I'll take that as you approve then Tony


----------



## Sonatina (Jan 4, 2009)

Nice one Les. The Sandpiper is a kick up the road for me. 
The only complication is if it ever falls on the first wednesday of the month where i have to be at a music society in Chester, but otherwise dandy.
Keep up the good work mate!
:wink: 
Mark


----------



## bigsyd (Jul 9, 2008)

good for us les 
[smiley=mexicanwave.gif]


----------



## Marco34 (Apr 5, 2009)

Sounds great, look forward to those and even better during the Summer months. 

Thanks


----------



## TT5 4 JON (May 8, 2009)

Great job les well done mate
so meetings for this year will be as follows i take it.
mon 1st march
thurs 1st april
wed 5th may
tues 1st june
thurs 1st july
wed 4th aug
wed 1st sept
wed 6th oct
mon 1st nov
wed 1st dec
john


----------



## les (Jul 24, 2006)

asdaman said:


> Great job les well done mate
> so meetings for this year will be as follows i take it.
> mon 1st march
> thurs 1st april
> ...


Yes John as the 1st of this Feb is very close to our meet next Saturday so the next meet will be on Monday the 1st March . The above works out as follows.
Monday meets = 2
Tuesday meets = 1
Wednesday meets = 5
Thursday meets = 2

Won't please everybody unfortunately but that's life. :? 
I also have Mark Davies to thank in particular and others with suggestions on the best way to settle on a regular meet date/night.

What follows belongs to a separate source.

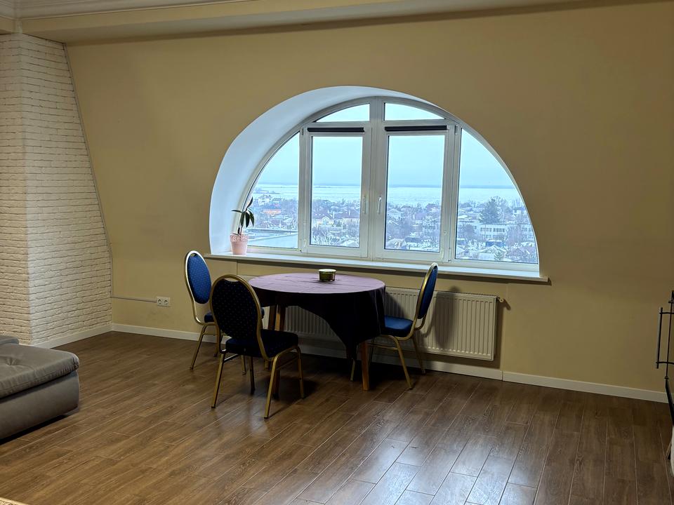 Із вікон відкривається чудовий панорамний вид на річку Дніпро, що створює особливу атмосферу затишку та простору.

So can well all put these dates in your diary please.


----------



## Mark Davies (Apr 10, 2007)

Excellent! I really do think a regular meet is going to lift the north west section to new heights of activity. I'm hopeful for some really good stuff this year.


----------



## les (Jul 24, 2006)

I was also thinking to break it up a bit in the summer months once or twice we could drive from the Sandpiper into Southport during a nice sunny evening. The A570 which the Sandpiper is on takes you stright into Southport so what do people recon on that?


----------



## uzzieman (Dec 14, 2009)

I'd like to pop my cherry and to one (and a few more) of these at some point this year, maybe next month as soon as I have all my work and woes out the way


----------



## les (Jul 24, 2006)

uzzieman said:


> I'd like to pop my cherry and to one (and a few more) of these at some point this year, maybe next month as soon as I have all my work and woes out the way


Looking like next meet will be on Monday the 1st March not February.


----------



## Mark Davies (Apr 10, 2007)

There's a cracking drive from the Sandpiper out to Formby, so how about a barbecue on the beach?


----------



## ImolaTT (Jul 5, 2009)

ill be meeting myself coming back :lol: but never mind always a good excuse for a drive


----------



## les (Jul 24, 2006)

Mark Davies said:


> There's a cracking drive from the Sandpiper out to Formby, so how about a barbecue on the beach?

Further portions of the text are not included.